Dayrolles was sworn as gentleman of the privy chamber to George II on 27 February 1740, and retained his place in the court of George III. With the old king he quickly became a personal favourite, and was rewarded by the post of Master of the Revels (12 April 1744). He was secretary to Lord Chesterfield during the peer's second embassy to The Hague (1745), and when his patron somewhat later in the year entered on his duties as lord-lieutenant of Ireland, Dayrolles accompanied him in the same capacity, and was nominated by him gentleman usher of the black rod in the Irish House of Lords (2 September 1745), a sinecure. Through the personal liking of the king, and Chesterfield's credit with Pelham, the place of the king's residence at the Hague was given to Dayrolles on 12 May 1747. He was there for four years, and then was promoted to a similar post at Brussels, which he held until August 1757.

On his uncle's death in 1739 he inherited a fortune, and in that year he purchased from Sir Richard Child, Earl of Tylney, the estate of Henley Park, in the parish of Ash, near Guildford, which remained his property until 1785. In March 1786 he died, and in the same year his library was sold.

He was elected a Fellow of the Royal Society in 1743.

==Legacy==
Matthew Maty was assisted in his Life of Chesterfield by Dayrolles. For years he and Lord Chesterfield kept up a correspondence; his letters from Chesterfield were initially edited by Lord Mahon. The originals were bought from the heirs of Dayrolles by Messrs. Bentley, and they then passed by purchase to Mahon (by then Lord Stanhope) in April 1846.

Dayrolles' own official correspondence and that of his uncle, consisting of twenty-one folio volumes, once belonged to William Upcott.

==Family==
He married, on 4 July 1751, Christabella, daughter of Colonel Peterson of Ireland, who is said to have been 'a lady of accomplished manners and dignified appearance.' She died at George Street, Hanover Square, on 3 August 1791; her age at death is given as 58, so she must have been considerably younger than her husband. William Cramp, who wanted to fix the identity of Junius on Lord Chesterfield, published in 1851 a small pamphlet of Facsimile Autograph Letters of Junius, Lord Chesterfield, and Mrs. C. Dayrolles, showing that the wife of Mr. Solomon Dayrolles was the amanuensis employed in copying the Letters of Junius for the printer.

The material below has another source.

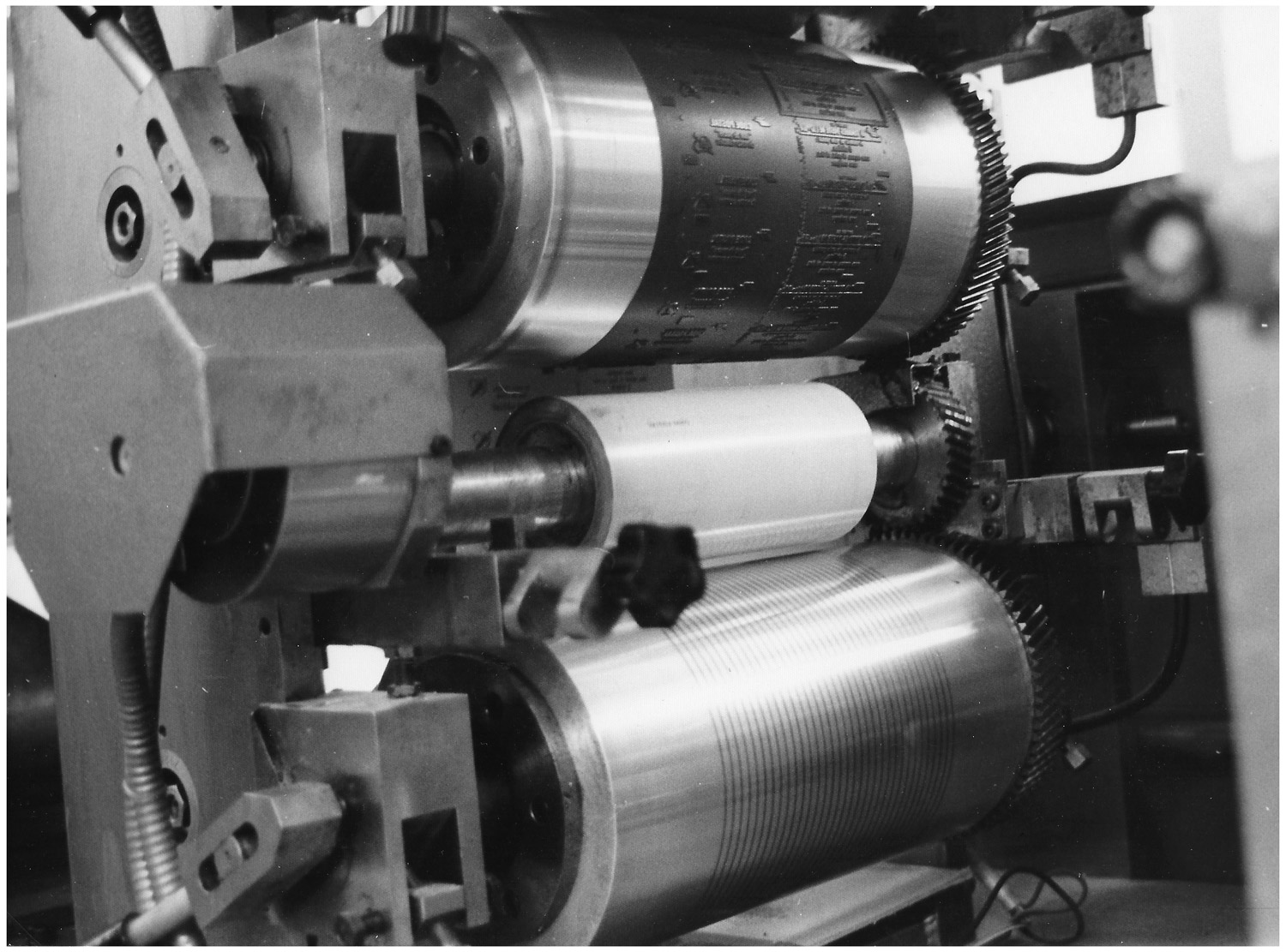 Depuis l’acquisition des confectionneuses de carnets pour distributeurs dans les années 60, l’impression des couvertures des carnets est réalisée en flexographie. Voici dans le détail les éléments nécessaires :

Dayrolles had issue one son, Thomas Philip Dayrolles, a captain in the 10th dragoons, who died at Lausanne, having married Mlle. H. G. Thomaset, a Swiss lady; and three daughters. Christabella, the eldest, married in 1784 the Hon. Townsend Mullins; their son was Thomas de Moleyns, 3rd Baron Ventry. Emily married, on 24 December 1786, the Baron de Reidezel, aide-de-camp to the Duke of Würtemberg; and Mary became the wife, on 6 February 1788, of Richard Croft, junior, a banker in Pall Mall. The youngest of these daughters is said to have been the prototype of the vivacious Miss Larolles in Fanny Burney's novel Cecilia.